EXTRACTED ENTRIES START

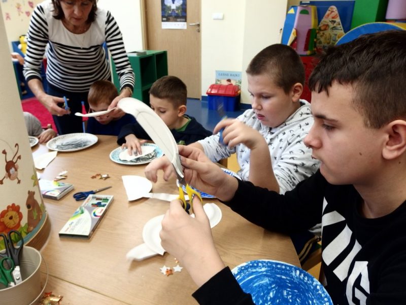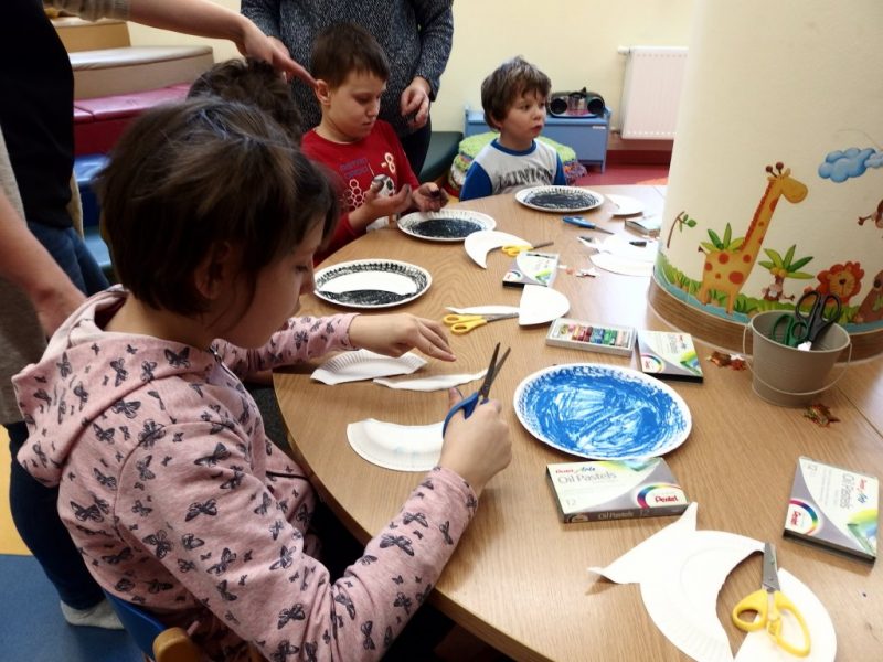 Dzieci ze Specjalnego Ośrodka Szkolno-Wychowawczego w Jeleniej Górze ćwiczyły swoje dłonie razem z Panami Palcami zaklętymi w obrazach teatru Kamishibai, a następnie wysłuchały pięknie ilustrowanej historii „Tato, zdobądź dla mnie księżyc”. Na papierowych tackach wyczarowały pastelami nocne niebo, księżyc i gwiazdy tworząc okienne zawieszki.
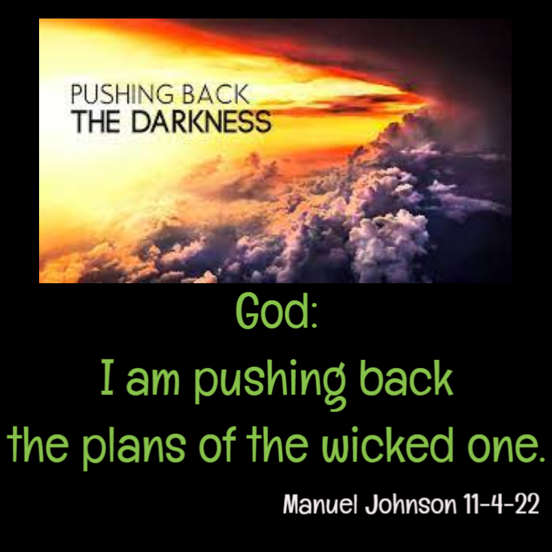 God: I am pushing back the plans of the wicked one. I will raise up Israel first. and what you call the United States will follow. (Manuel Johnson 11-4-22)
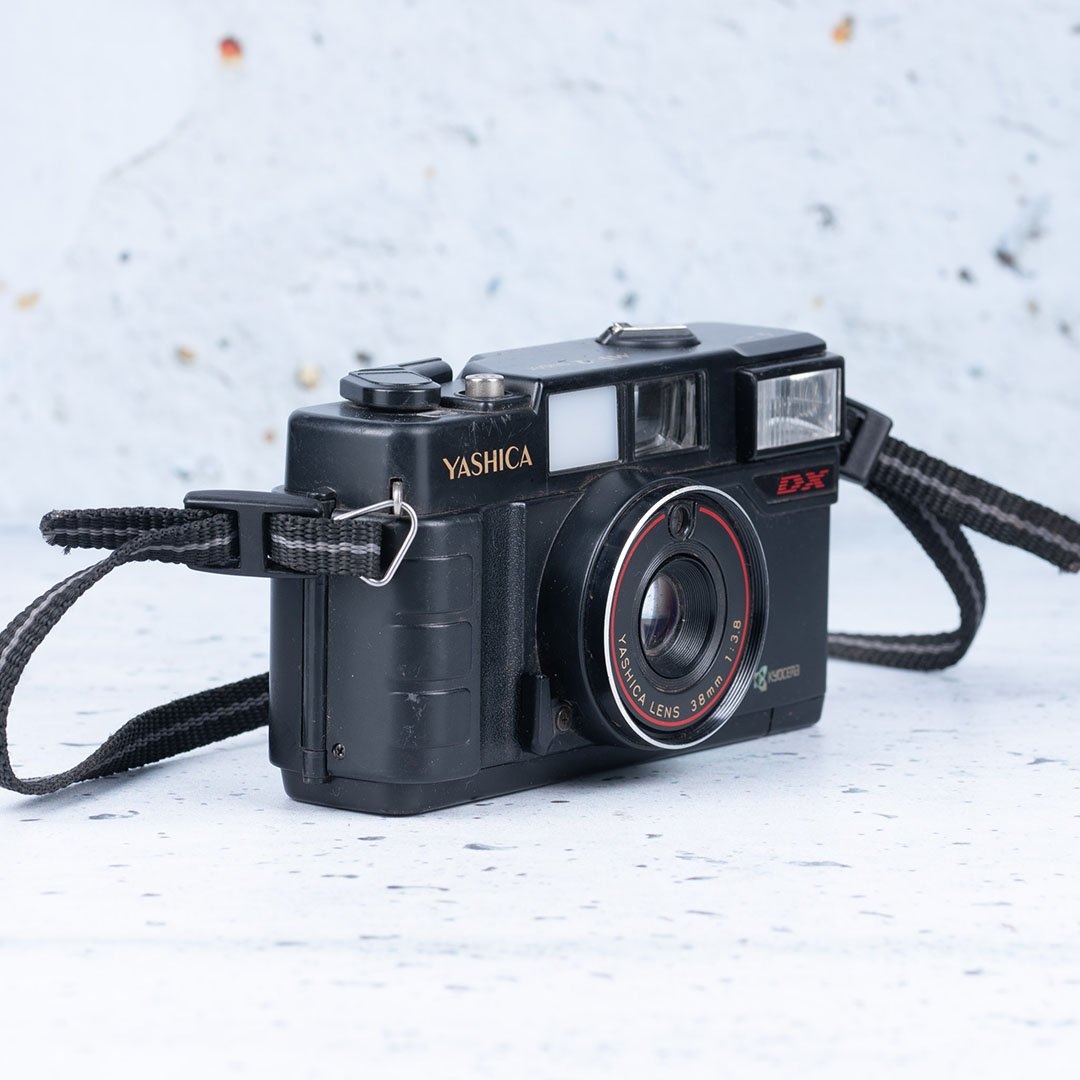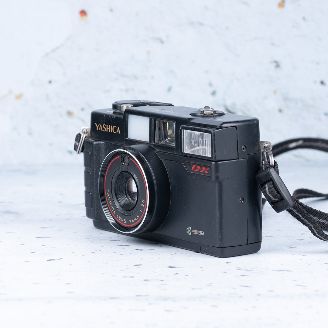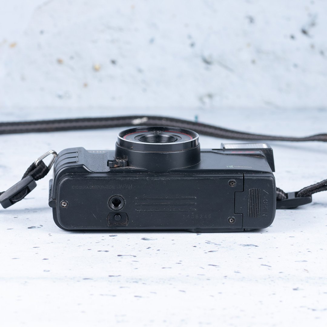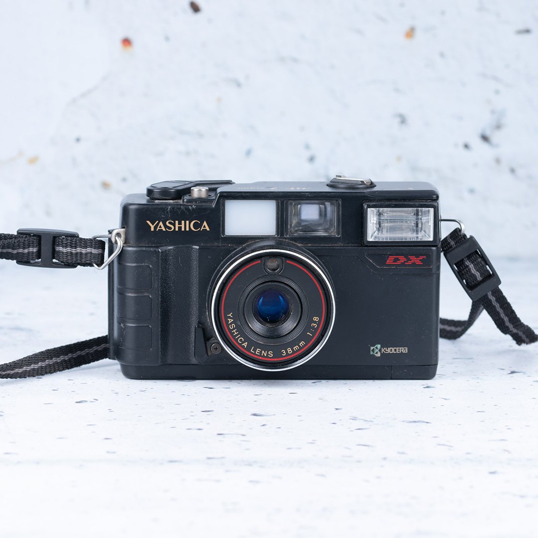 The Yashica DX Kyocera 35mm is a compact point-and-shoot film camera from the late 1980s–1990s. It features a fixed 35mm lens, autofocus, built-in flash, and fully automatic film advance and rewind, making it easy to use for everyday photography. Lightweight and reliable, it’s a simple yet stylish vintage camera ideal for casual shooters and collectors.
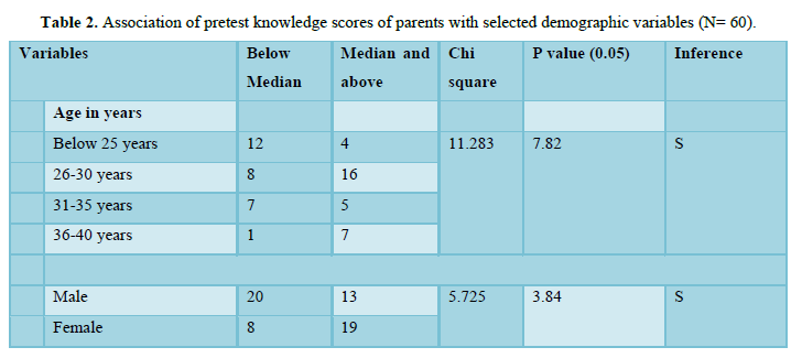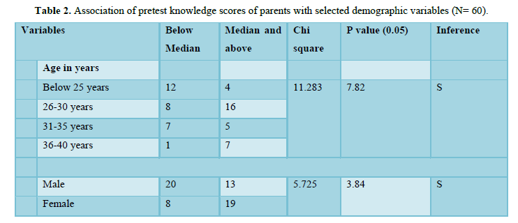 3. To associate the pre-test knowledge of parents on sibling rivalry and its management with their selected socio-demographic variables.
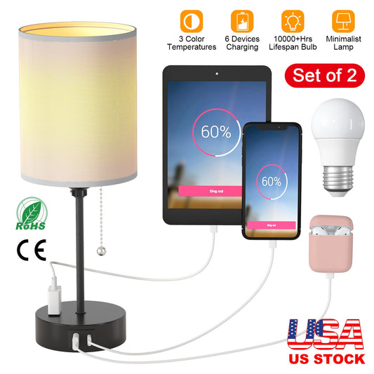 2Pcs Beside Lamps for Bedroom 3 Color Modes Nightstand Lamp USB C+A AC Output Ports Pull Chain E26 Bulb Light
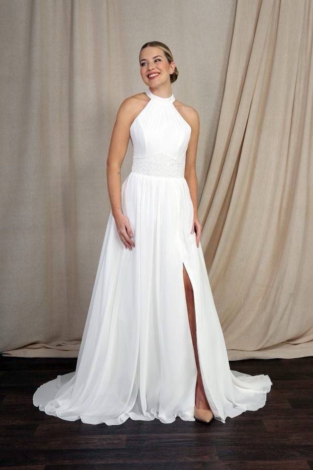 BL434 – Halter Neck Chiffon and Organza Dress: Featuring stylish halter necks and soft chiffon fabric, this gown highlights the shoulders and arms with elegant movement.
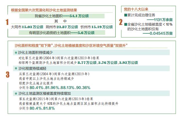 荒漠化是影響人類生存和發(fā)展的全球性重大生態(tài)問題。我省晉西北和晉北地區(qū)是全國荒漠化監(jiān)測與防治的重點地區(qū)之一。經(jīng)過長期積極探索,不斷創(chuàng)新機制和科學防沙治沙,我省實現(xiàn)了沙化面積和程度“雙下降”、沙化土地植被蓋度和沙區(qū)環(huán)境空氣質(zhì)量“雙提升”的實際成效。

EXTRACTED ENTRIES END

#### YOUR INSTRUCTIONS
Set down the line containing "The Yashica DX", then every later line through the end of the material, exactly as written; omit any picture.

#### TASK RESULT
 The Yashica DX Kyocera 35mm is a compact point-and-shoot film camera from the late 1980s–1990s. It features a fixed 35mm lens, autofocus, built-in flash, and fully automatic film advance and rewind, making it easy to use for everyday photography. Lightweight and reliable, it’s a simple yet stylish vintage camera ideal for casual shooters and collectors.
 3. To associate the pre-test knowledge of parents on sibling rivalry and its management with their selected socio-demographic variables.
 2Pcs Beside Lamps for Bedroom 3 Color Modes Nightstand Lamp USB C+A AC Output Ports Pull Chain E26 Bulb Light
 BL434 – Halter Neck Chiffon and Organza Dress: Featuring stylish halter necks and soft chiffon fabric, this gown highlights the shoulders and arms with elegant movement.
 荒漠化是影響人類生存和發(fā)展的全球性重大生態(tài)問題。我省晉西北和晉北地區(qū)是全國荒漠化監(jiān)測與防治的重點地區(qū)之一。經(jīng)過長期積極探索,不斷創(chuàng)新機制和科學防沙治沙,我省實現(xiàn)了沙化面積和程度“雙下降”、沙化土地植被蓋度和沙區(qū)環(huán)境空氣質(zhì)量“雙提升”的實際成效。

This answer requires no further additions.